Word for word, reproduce the listing that follows, excluding any pictures it contains.

### Data excerpt
★ ★ ★ ★ ★
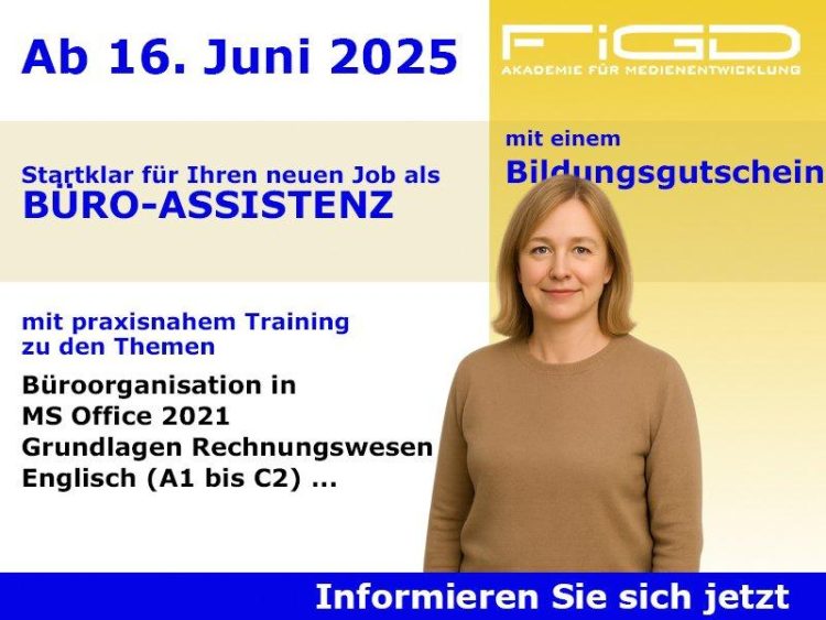 Weiterbildung zur Büroassistenz – Start am 16. Juni 2025 Sie möchten beruflich im Büro durchstarten und suchen eine solide, zukunftssichere Qualifikation? Dann ist diese Weiterbildung ideal für Sie!In unserem 9-monatigen Kurs zur Büroassistenz erlangen Sie fundierte Kenntnisse in den zentralen Bereichen der modernen Büroorganisation, der kaufmännischen Buchführung sowie im professionellen Umgang mit digitalen Werkzeugen und…Continue reading Fit für den Büroalltag: MS Office, Buchhaltung und Englisch auf Profi-Niveau (Schulung | Berlin)
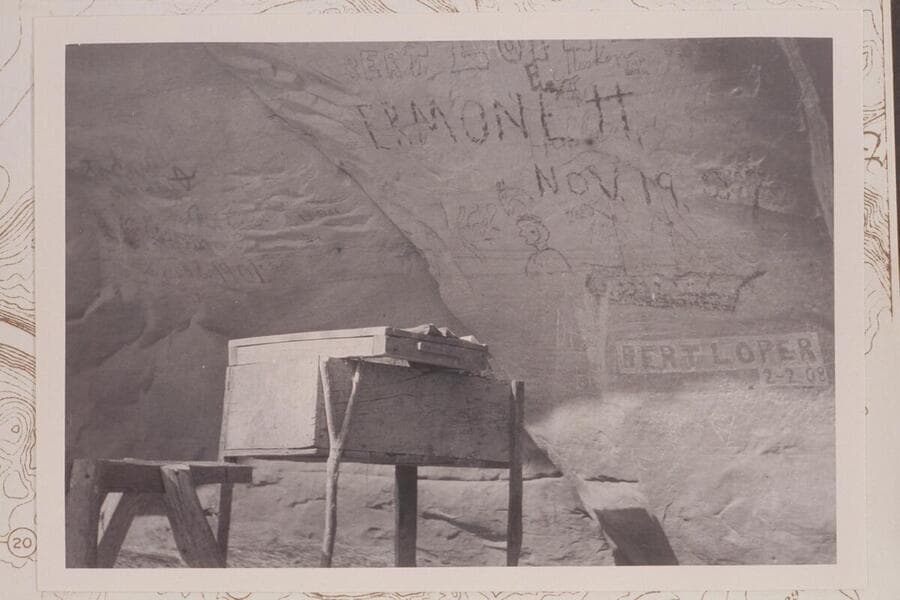 Autographs and dates on wall of cave. The name Bert Loper is cut in the sandstone
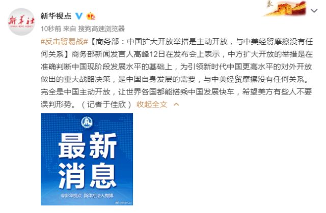 【商務(wù)部:中國(guó)擴(kuò)大開(kāi)放舉措是主動(dòng)開(kāi)放,與中美經(jīng)貿(mào)摩擦沒(méi)有任何關(guān)系】商務(wù)部新聞發(fā)言人高峰12日在發(fā)布會(huì)上表示,中方擴(kuò)大開(kāi)放的舉措是在準(zhǔn)確判斷中國(guó)現(xiàn)階段發(fā)展水平的基礎(chǔ)上,為引領(lǐng)新時(shí)代中國(guó)更高水平的對(duì)外開(kāi)放做出的重大戰(zhàn)略決策,是中國(guó)自身發(fā)展的需要,與中美經(jīng)貿(mào)摩擦沒(méi)有任何關(guān)系。完全是中國(guó)主動(dòng)開(kāi)放,讓世界各國(guó)都能搭乘中國(guó)發(fā)展快車,希望美方有些人不要誤判形勢(shì)。(記者于佳欣)
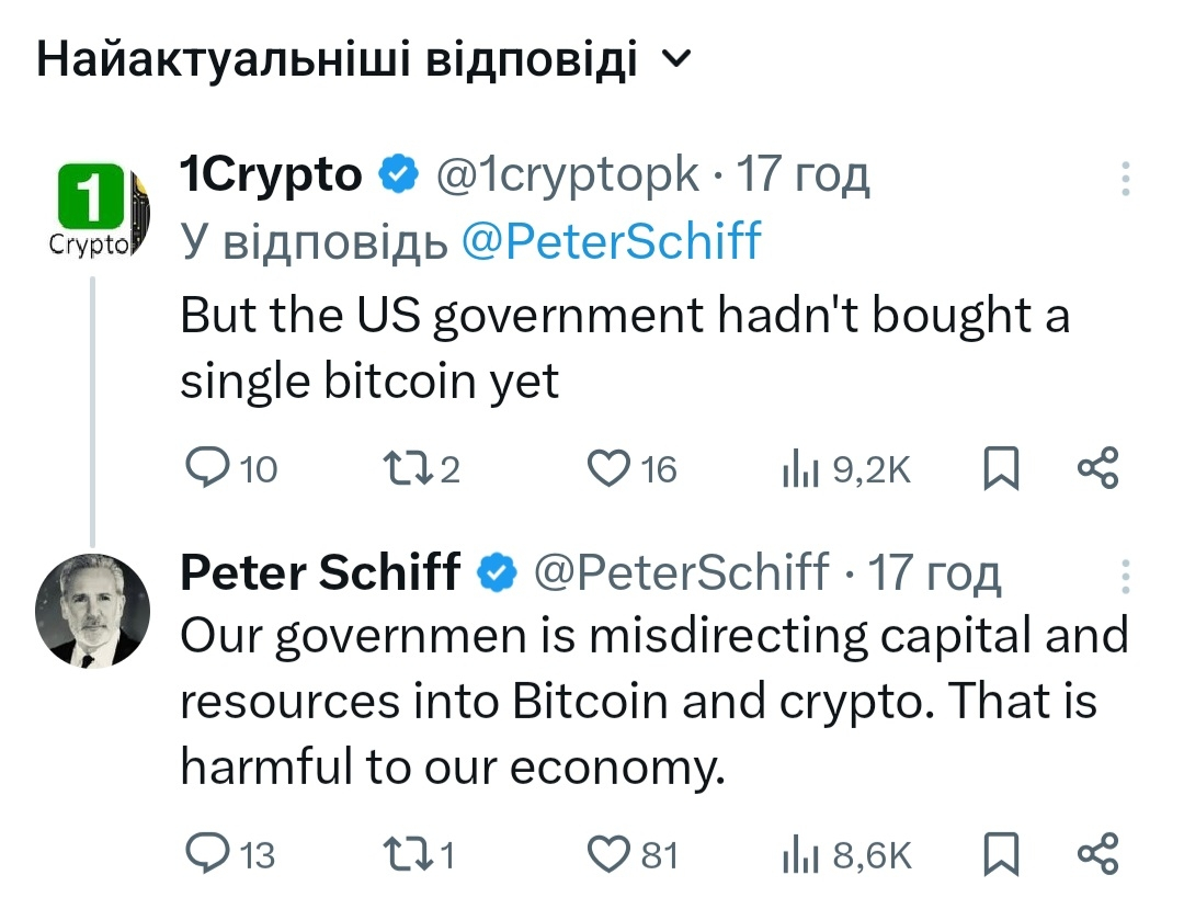 💬 Що хотілось додати, Шифф стабільний у своїй позиції🤷♂️ Але стабільно дивиться у минуле, він критикує біткоїн з 2013 року тоді як світ уже живе в реальності ETF, інституцій і регулювання.
★ ★ ★ ★ ★
### Result for this task
 Weiterbildung zur Büroassistenz – Start am 16. Juni 2025 Sie möchten beruflich im Büro durchstarten und suchen eine solide, zukunftssichere Qualifikation? Dann ist diese Weiterbildung ideal für Sie!In unserem 9-monatigen Kurs zur Büroassistenz erlangen Sie fundierte Kenntnisse in den zentralen Bereichen der modernen Büroorganisation, der kaufmännischen Buchführung sowie im professionellen Umgang mit digitalen Werkzeugen und…Continue reading Fit für den Büroalltag: MS Office, Buchhaltung und Englisch auf Profi-Niveau (Schulung | Berlin)
 Autographs and dates on wall of cave. The name Bert Loper is cut in the sandstone
 【商務(wù)部:中國(guó)擴(kuò)大開(kāi)放舉措是主動(dòng)開(kāi)放,與中美經(jīng)貿(mào)摩擦沒(méi)有任何關(guān)系】商務(wù)部新聞發(fā)言人高峰12日在發(fā)布會(huì)上表示,中方擴(kuò)大開(kāi)放的舉措是在準(zhǔn)確判斷中國(guó)現(xiàn)階段發(fā)展水平的基礎(chǔ)上,為引領(lǐng)新時(shí)代中國(guó)更高水平的對(duì)外開(kāi)放做出的重大戰(zhàn)略決策,是中國(guó)自身發(fā)展的需要,與中美經(jīng)貿(mào)摩擦沒(méi)有任何關(guān)系。完全是中國(guó)主動(dòng)開(kāi)放,讓世界各國(guó)都能搭乘中國(guó)發(fā)展快車,希望美方有些人不要誤判形勢(shì)。(記者于佳欣)
 💬 Що хотілось додати, Шифф стабільний у своїй позиції🤷♂️ Але стабільно дивиться у минуле, він критикує біткоїн з 2013 року тоді як світ уже живе в реальності ETF, інституцій і регулювання.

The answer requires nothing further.